> _Data in this exercise_:
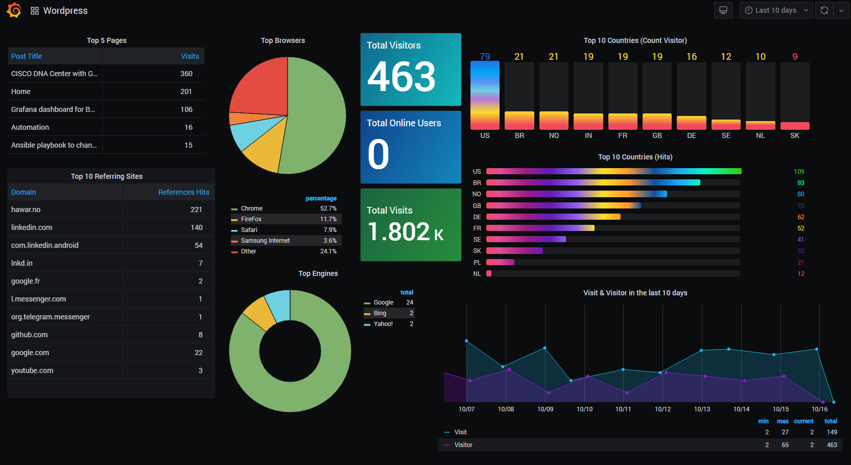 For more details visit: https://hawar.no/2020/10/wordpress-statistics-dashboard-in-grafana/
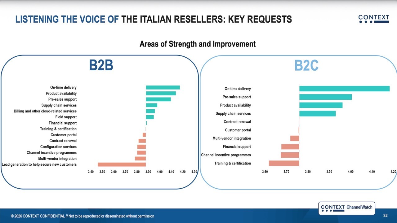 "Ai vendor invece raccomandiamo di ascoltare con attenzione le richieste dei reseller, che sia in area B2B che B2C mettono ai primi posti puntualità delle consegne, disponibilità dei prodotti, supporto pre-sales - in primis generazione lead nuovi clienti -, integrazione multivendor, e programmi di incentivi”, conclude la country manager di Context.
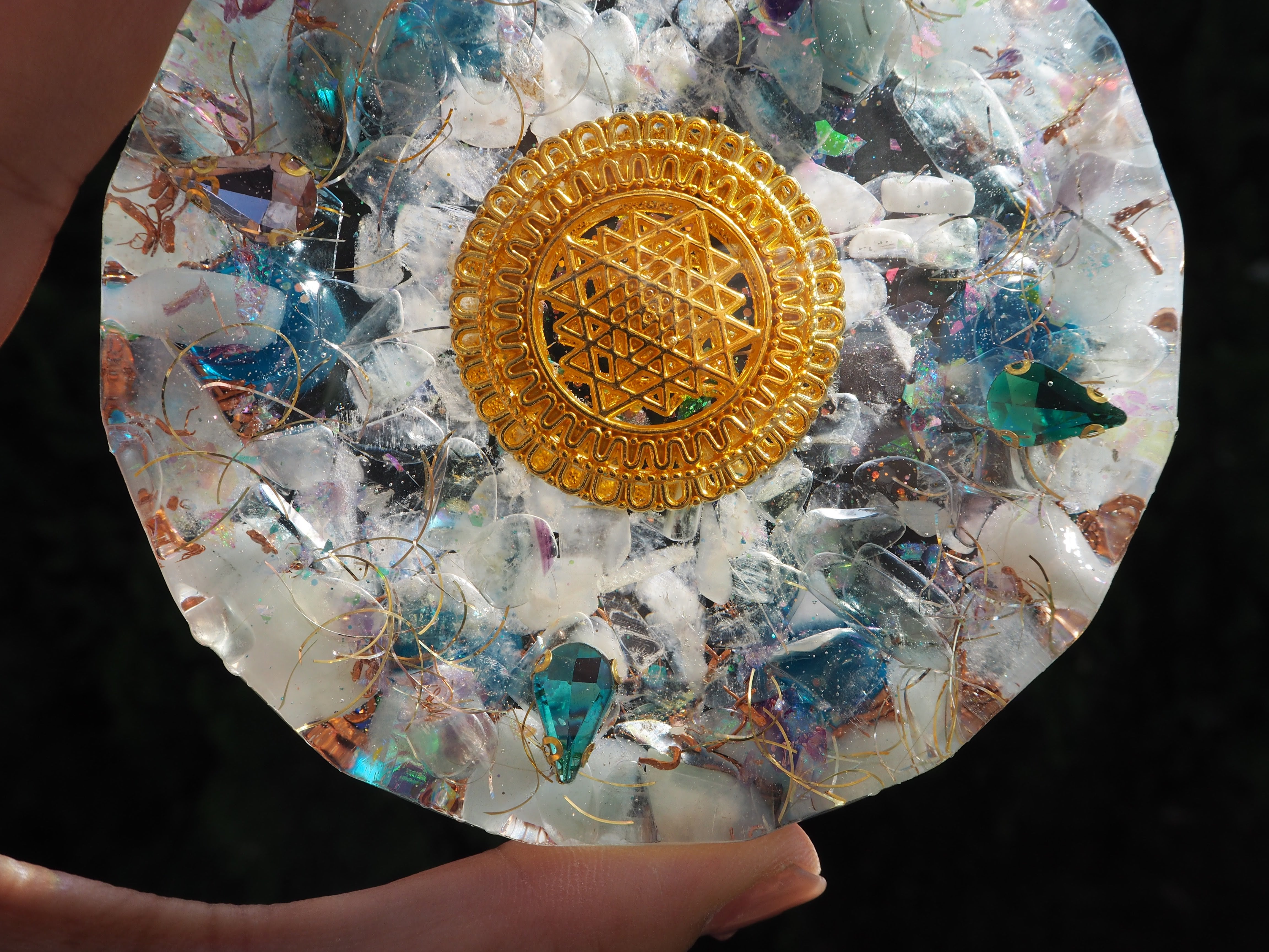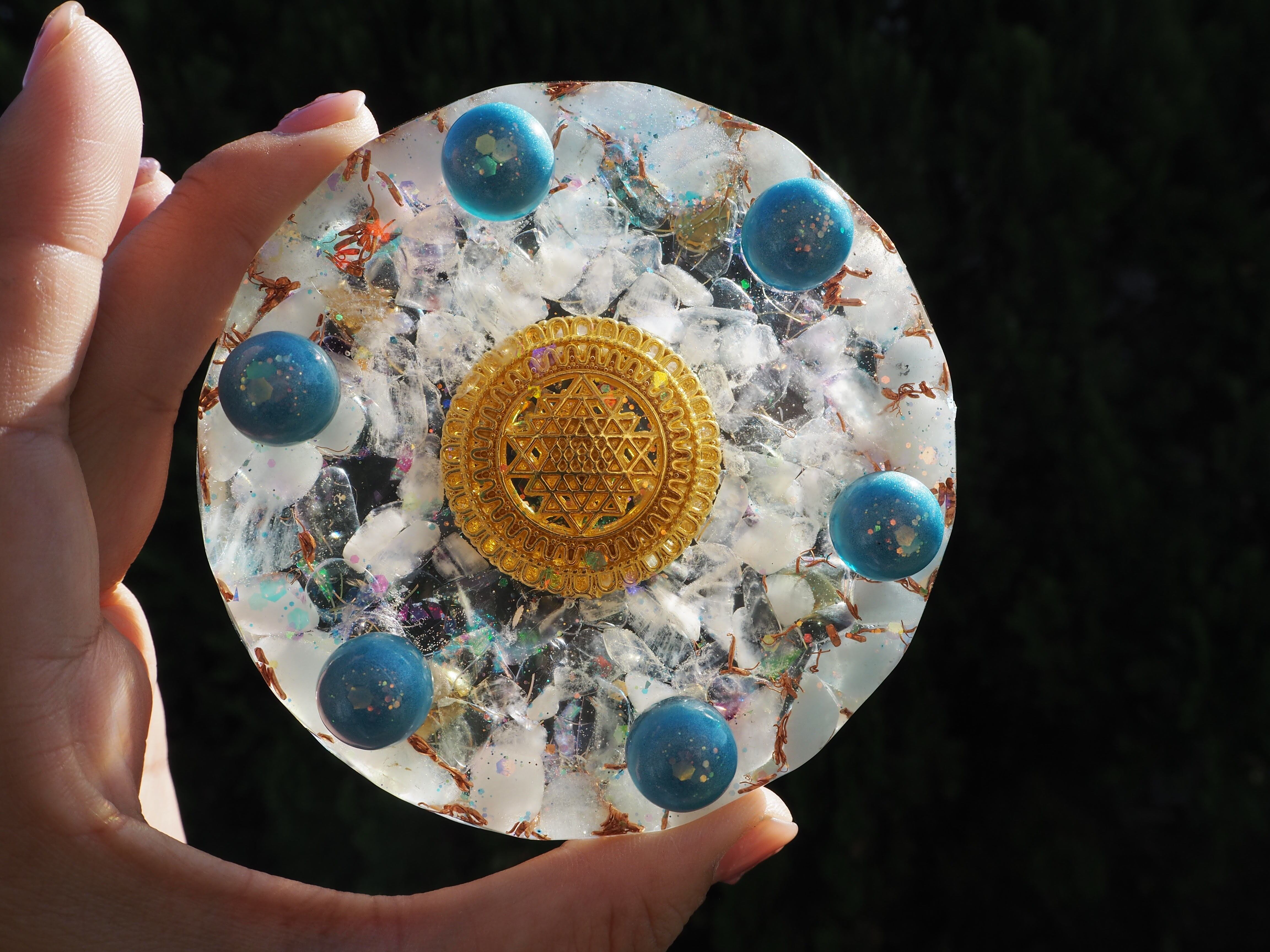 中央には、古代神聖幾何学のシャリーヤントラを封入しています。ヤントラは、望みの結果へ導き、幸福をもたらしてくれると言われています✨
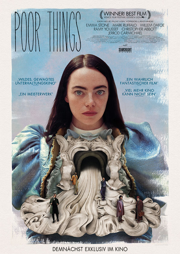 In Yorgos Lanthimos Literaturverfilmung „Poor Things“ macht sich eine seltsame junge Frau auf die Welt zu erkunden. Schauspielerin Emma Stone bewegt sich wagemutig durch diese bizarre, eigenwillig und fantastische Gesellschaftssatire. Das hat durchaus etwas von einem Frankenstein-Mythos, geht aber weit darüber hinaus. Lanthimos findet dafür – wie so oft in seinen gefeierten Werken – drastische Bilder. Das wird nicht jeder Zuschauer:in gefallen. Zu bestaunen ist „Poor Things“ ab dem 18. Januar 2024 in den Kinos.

--

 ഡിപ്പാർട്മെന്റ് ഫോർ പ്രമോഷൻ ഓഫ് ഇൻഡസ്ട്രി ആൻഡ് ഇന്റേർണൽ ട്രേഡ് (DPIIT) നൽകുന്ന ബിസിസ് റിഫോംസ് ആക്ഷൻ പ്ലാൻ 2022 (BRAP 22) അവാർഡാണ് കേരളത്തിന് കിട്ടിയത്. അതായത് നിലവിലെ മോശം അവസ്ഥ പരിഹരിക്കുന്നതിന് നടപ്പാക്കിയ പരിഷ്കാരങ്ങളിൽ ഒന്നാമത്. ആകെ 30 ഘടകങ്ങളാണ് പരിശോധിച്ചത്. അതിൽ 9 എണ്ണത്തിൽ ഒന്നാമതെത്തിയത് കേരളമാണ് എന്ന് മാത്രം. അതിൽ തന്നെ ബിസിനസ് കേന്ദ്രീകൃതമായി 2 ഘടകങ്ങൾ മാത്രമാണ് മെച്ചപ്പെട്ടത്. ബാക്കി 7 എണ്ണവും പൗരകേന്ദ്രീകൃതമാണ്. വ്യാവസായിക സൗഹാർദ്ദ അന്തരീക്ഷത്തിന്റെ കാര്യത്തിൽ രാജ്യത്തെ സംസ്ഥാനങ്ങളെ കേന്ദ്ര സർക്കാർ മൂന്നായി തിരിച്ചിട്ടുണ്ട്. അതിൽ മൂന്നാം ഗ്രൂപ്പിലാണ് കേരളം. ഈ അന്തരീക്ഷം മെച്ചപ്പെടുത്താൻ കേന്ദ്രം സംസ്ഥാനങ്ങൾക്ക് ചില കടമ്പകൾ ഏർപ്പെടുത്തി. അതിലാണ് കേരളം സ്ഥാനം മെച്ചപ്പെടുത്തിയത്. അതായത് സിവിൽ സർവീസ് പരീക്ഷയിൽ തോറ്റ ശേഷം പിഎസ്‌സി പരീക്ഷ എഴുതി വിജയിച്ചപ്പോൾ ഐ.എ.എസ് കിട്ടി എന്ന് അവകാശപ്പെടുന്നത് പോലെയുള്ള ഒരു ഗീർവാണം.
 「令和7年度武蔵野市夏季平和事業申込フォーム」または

> _Directions for this task_: Using the records above, return verbatim only the part that opens with the line containing "manager di Context." and closes with the line containing "中央には、古代神聖幾何学のシ"; pictures stay out.

> _Reply to the exercise_:
 "Ai vendor invece raccomandiamo di ascoltare con attenzione le richieste dei reseller, che sia in area B2B che B2C mettono ai primi posti puntualità delle consegne, disponibilità dei prodotti, supporto pre-sales - in primis generazione lead nuovi clienti -, integrazione multivendor, e programmi di incentivi”, conclude la country manager di Context.
 中央には、古代神聖幾何学のシャリーヤントラを封入しています。ヤントラは、望みの結果へ導き、幸福をもたらしてくれると言われています✨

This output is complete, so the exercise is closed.